The DS-Link token protocol allows two common types of error to be detected. Firstly the parity system will detect all single bit errors at the DS-Link token level, and secondly, because each output link, once started, continues to transmit an uninterrupted stream of tokens, the physical disconnection of a link can be detected.

#### **Disconnection errors**

If the links are disconnected for any reason whilst they are running then flow control and token synchronization may be lost. In order to restart the link it is therefore necessary to reset both ends to a known flow control and token synchronization point.

Disconnection is detected if, after a token has been received, no tokens are seen on the input link in any 1.6 microsecond window. Once a disconnection error has been detected the link halts its output. This will subsequently be detected as a disconnect error at the other end, and will cause that link to halt its output also. It then resets itself, and waits 12.8 microseconds before allowing communication to restart. This time is sufficient to ensure that both ends of the link have observed disconnection and cycled through reset back into the waiting state. The connection may now be restarted.

# **Parity errors**

Following a parity error, both bit—level token synchronization and flow control status are no longer valid, therefore both ends of the link must be reset. This is done autonomously by the DS-Link using an exchange—of—silence protocol.

When a DS-Link detects a parity error on its input it halts its output. This will subsequently be detected as a disconnect error at the other end, and will cause that link to halt its output also, causing a disconnect to be detected at the first end. The normal disconnect behavior described above will then ensure that both ends are reset (irrespective of line delay) before either is allowed to restart.

#### 3.6 Network communications: the IMS C104

The use of DS-Links for directly connecting devices has already been described.
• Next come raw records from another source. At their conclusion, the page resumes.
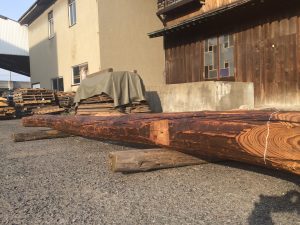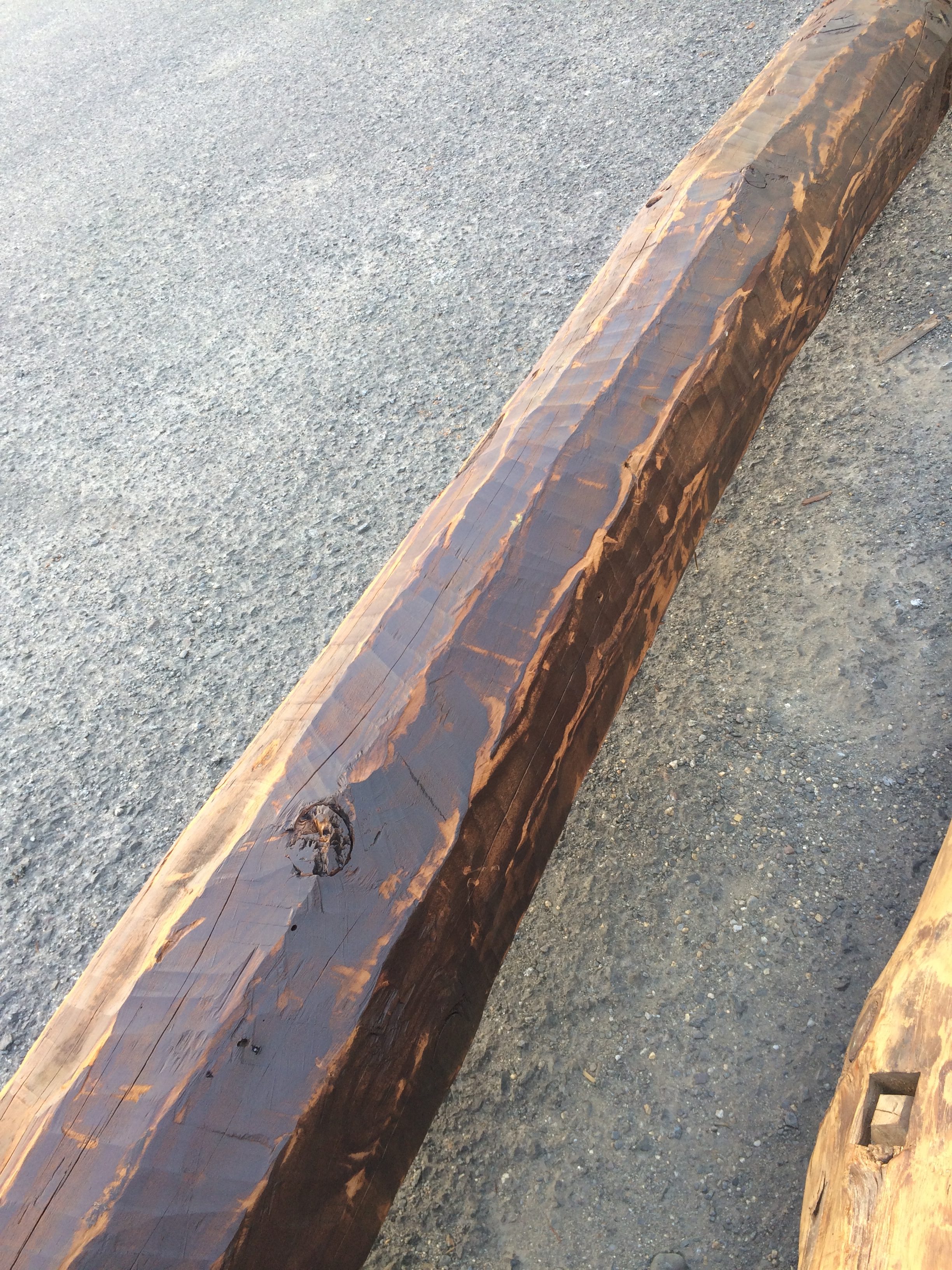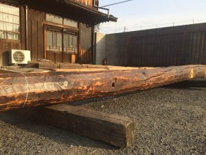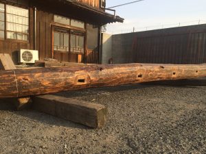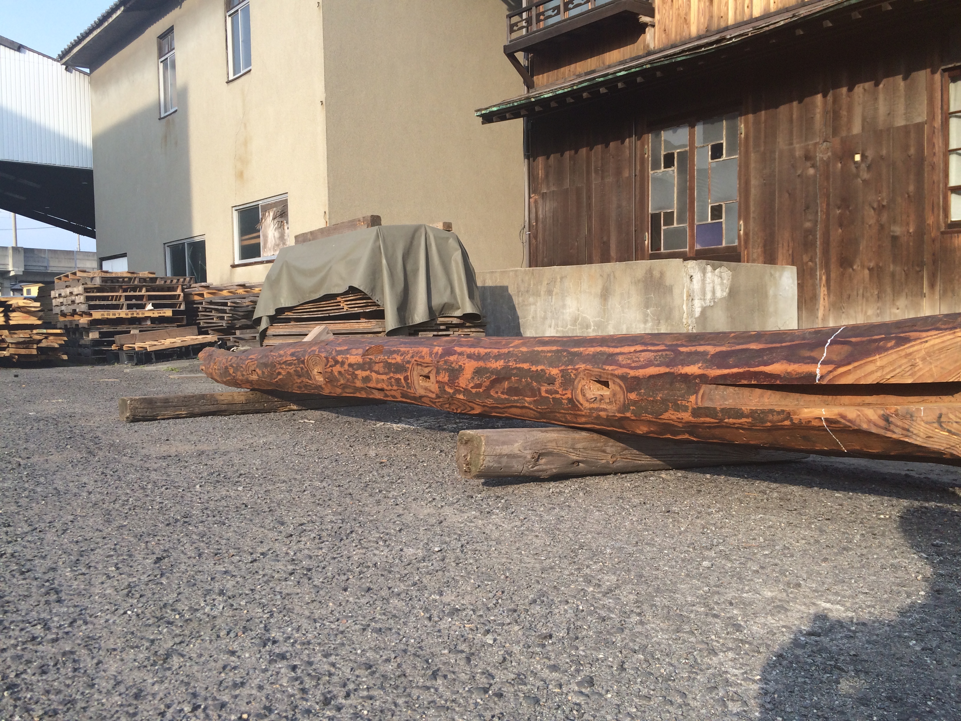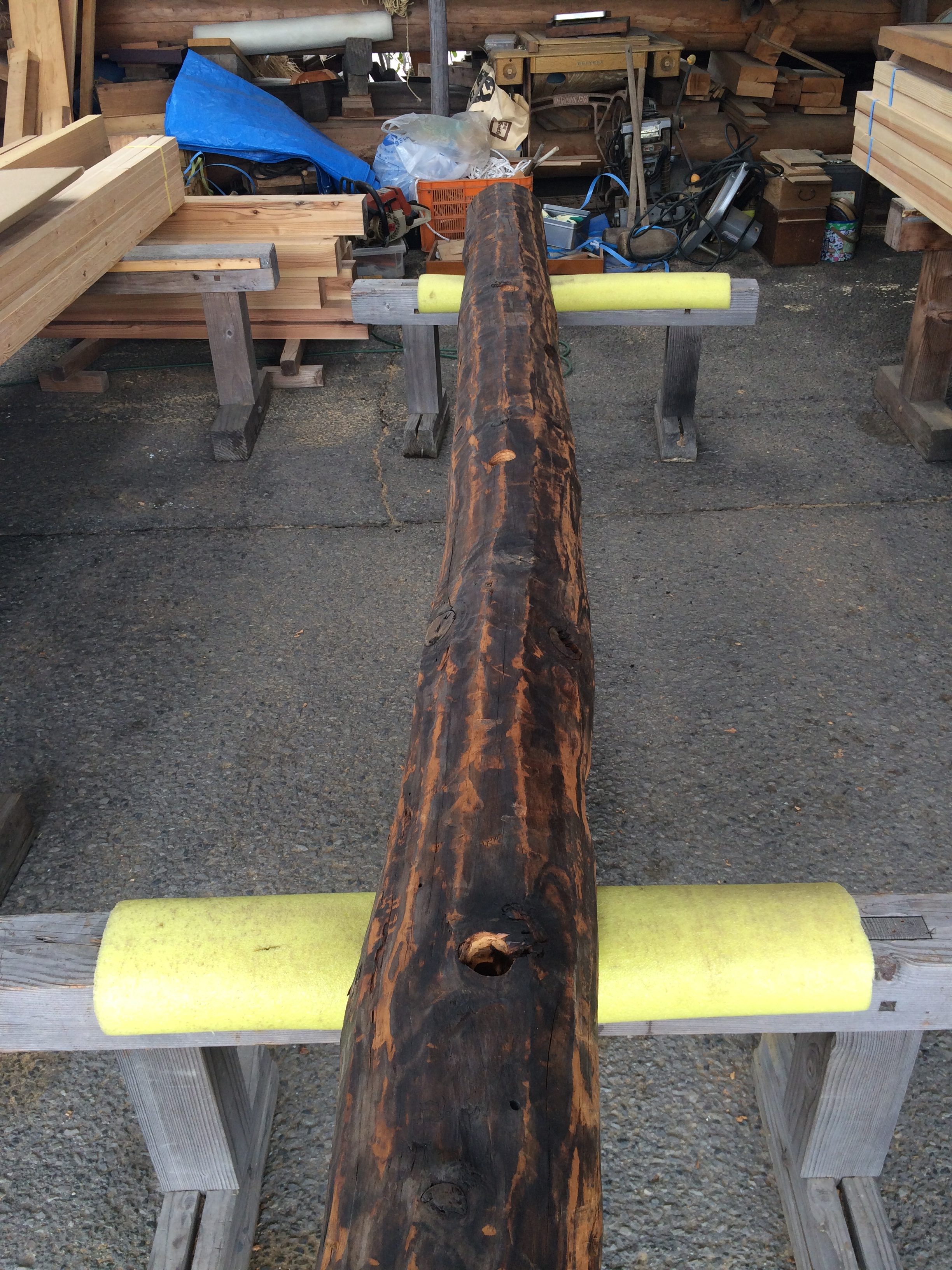 丸太は湾曲しています。常識的にはこのように両側が下がる向きで使用します。
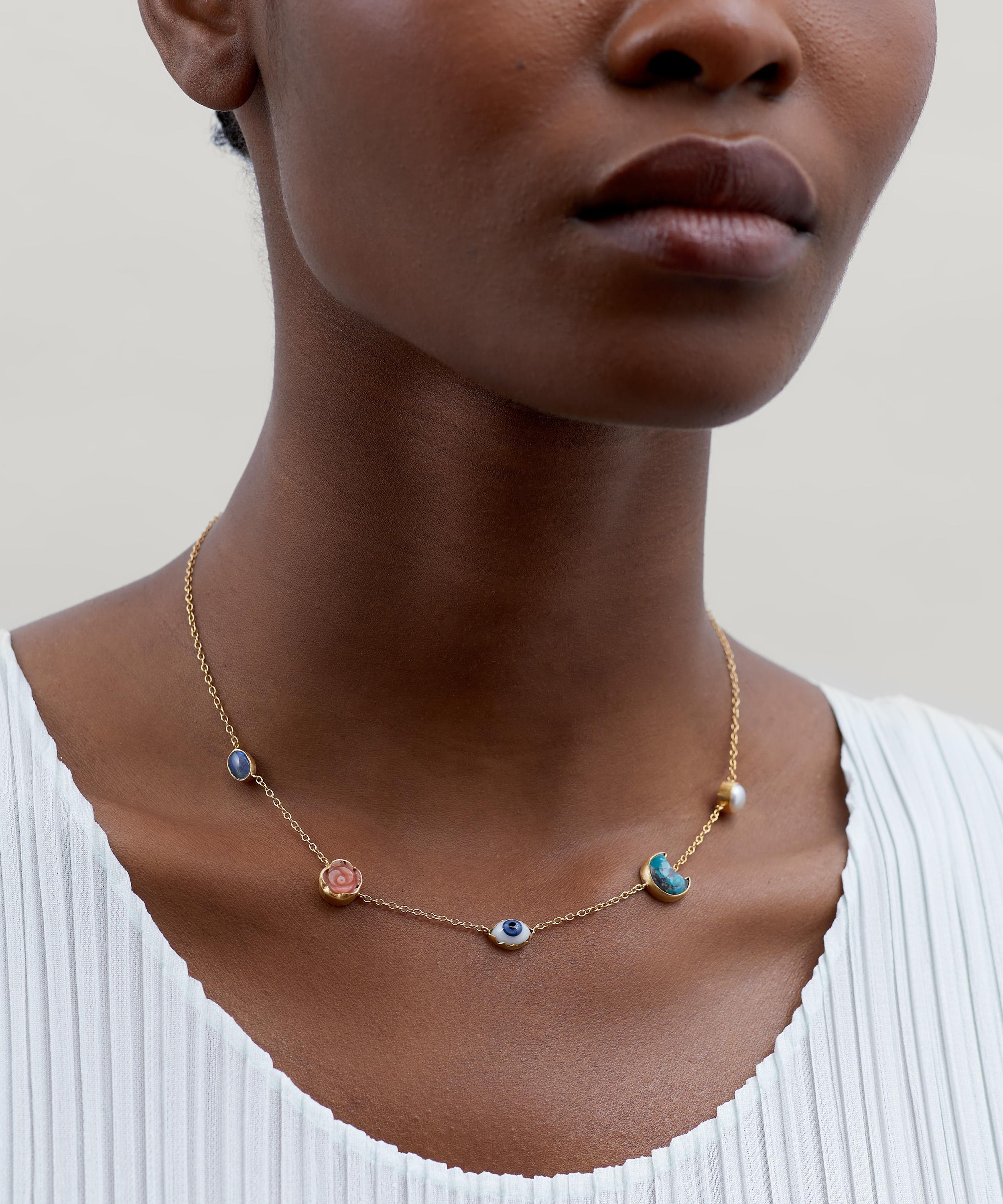 Handmade in Edinburgh, every Grainne Morton creation is formed of a wonderfully unique curation of found objects, coloured gems and tiny trinkets. Crafted from 18 carat gold-plated sterling silver, this fine chain necklace features five mini charms, including a vintage glass eye, a pearl, a carved coral flower and two mixed-cut turquoise and opal stones. Finished with a simple toggle clasp, it offers an unexpected juxtaposition of vintage and contemporary styles - perfect for adding visual interest to everyday looks.
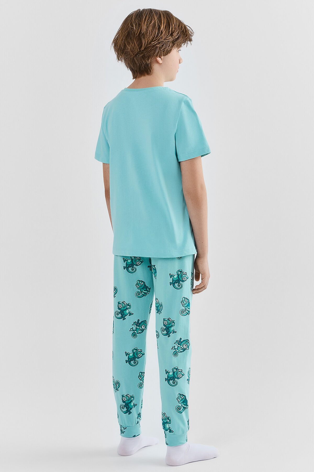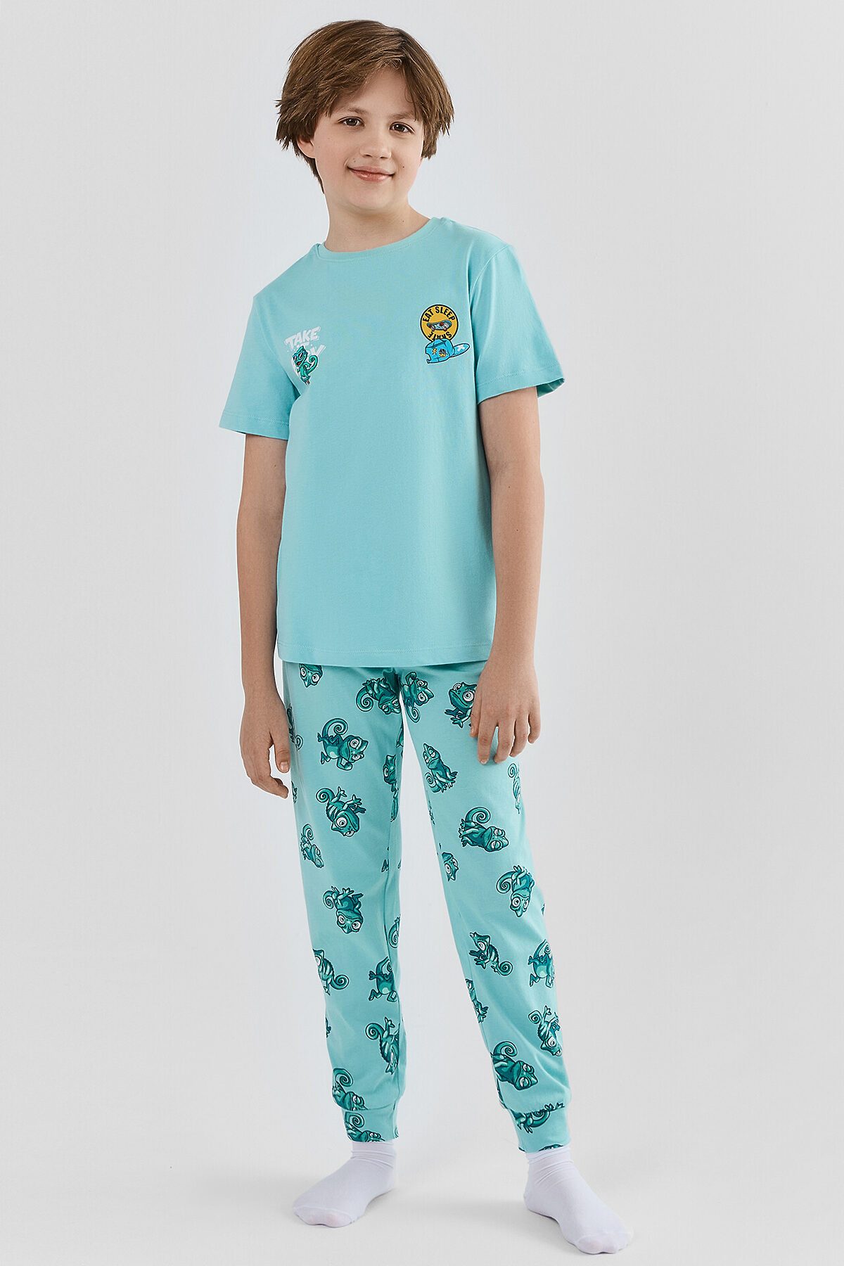 Стильная и уютная пижама для мальчиков. Выполнена из хлопковой трикотажной кулирки. Пижама состоит из футболки с коротким рукавом и длинных брюк с эластичной резиной в поясе. Штанины завершаются манжетами. Для самых комфортных снов!

The link protocol not only simplifies the use of links between devices but also provides hardware support for routing messages across a network.

The system described previously packetizes messages to be sent over a link and adds a header to each packet to identify the virtual channel. These headers can also be used for routing packets through a communication system connecting a number of devices together. This extends the idea of multiple channels on a single hardware link to multiple channels through a communications system; a communications channel can be established between any two devices even if they are not directly connected.

Because the link architecture allows all the virtual channels of a device to use a single link, complete, system-wide connectivity can be provided by connecting just one link from each device to the routing network. This can be exploited in a number of ways. For example, two or more networks can be used in parallel to increase bandwidth, to provide fault—tolerance, or as a 'user' network running in parallel with a physically separate 'system' network.

The IMS C104 is a device with 32 DS-Links which can route packets between every pair of links with low latency. An important benefit of using serial links is that it is easy to implement a full crossbar in VLSI, even with a large number of links. The use of a crossbar allows packets to be

passing through all links at the same time, making the best possible use of the available bandwidth.

If the routing logic can be kept simple it can be provided for all the input links in the router. This avoids the need to share the hardware, which would cause extra delays when several packets arrive at the same time. It is also desirable to avoid the need for the large number of packet buffers commonly used in routing systems. The use of small buffers and simple routing hardware allows a single VLSI chip to provide efficient routing between a large number of links.

A single IMS C104 can be used to provide full connectivity between 32 devices. IMS C104s can also be connected together to build larger switch networks connecting any number of devices.

#### 3.6.1 Wormhole routing

The IMS C104 includes a full 32 x 32 non-blocking crossbar switch, enabling messages to be routed from any of its links to any other link. In order to minimize latency, the switch uses 'wormhole routing', in which the connection through the crossbar is set up as soon as the header has been read. The header and the rest of the packet can start being transmitted from the output link immediately. The path through the switch disappears after the 'end of packet/message' token has passed through. This is illustrated in figure 3.8. This method is simple to implement and provides very low latency as the entire packet does not have to be read in before the connection is made.

#### Minimizing routing delays

The ability to start outputting a packet while it is still being input can significantly reduce delay, especially in lightly loaded networks. The delay can be further minimized by keeping the headers short and by using fast, simple hardware to determine the link to be used for output. The IMS C104 uses a simple routing algorithm based on interval labelling (described in section 3.6.3).

Because the route through each IMS C104 disappears as soon as the packet has passed through and the packets from all the channels that pass through a particular link are interleaved, no single virtual channel can monopolize a route through a network. Messages will not be blocked waiting for another message to pass through the system, they will only have to wait for one packet.



Figure 3.8 Packet passing through IMS C104

The IMS C104s that the packets pass through do not need to have information about the complete route to the destination, only which link each packet should be sent out of at each point. Each of the IMS C104s in the network is programmed with information that determines which output link should be used for each header value. In this way, each IMS C104 can route packets out of whichever link will send it towards its destination.

#### 3.6.2 Header deletion

An approach that simplifies the construction of networks is to provide two levels of header on each packet. The first header specifies the destination device (actually, the output link from the routing network), and is removed as the packet leaves the routing system. This exposes the second header which tells the destination device which process (actually, which virtual channel) this packet is for. To support this, the IMS C104 can route packets of any length. Any information after the initial header bytes used by the IMS C104 is just treated as part of the packet, even if it is going to be interpreted as a header elsewhere in the system. Any output link of the IMS C104 can be set to do header deletion, i.e. to remove the routing header from the front of each packet after it been used to make the routing decision. The first part of the remaining data is then treated as a header by the next device that receives the packet.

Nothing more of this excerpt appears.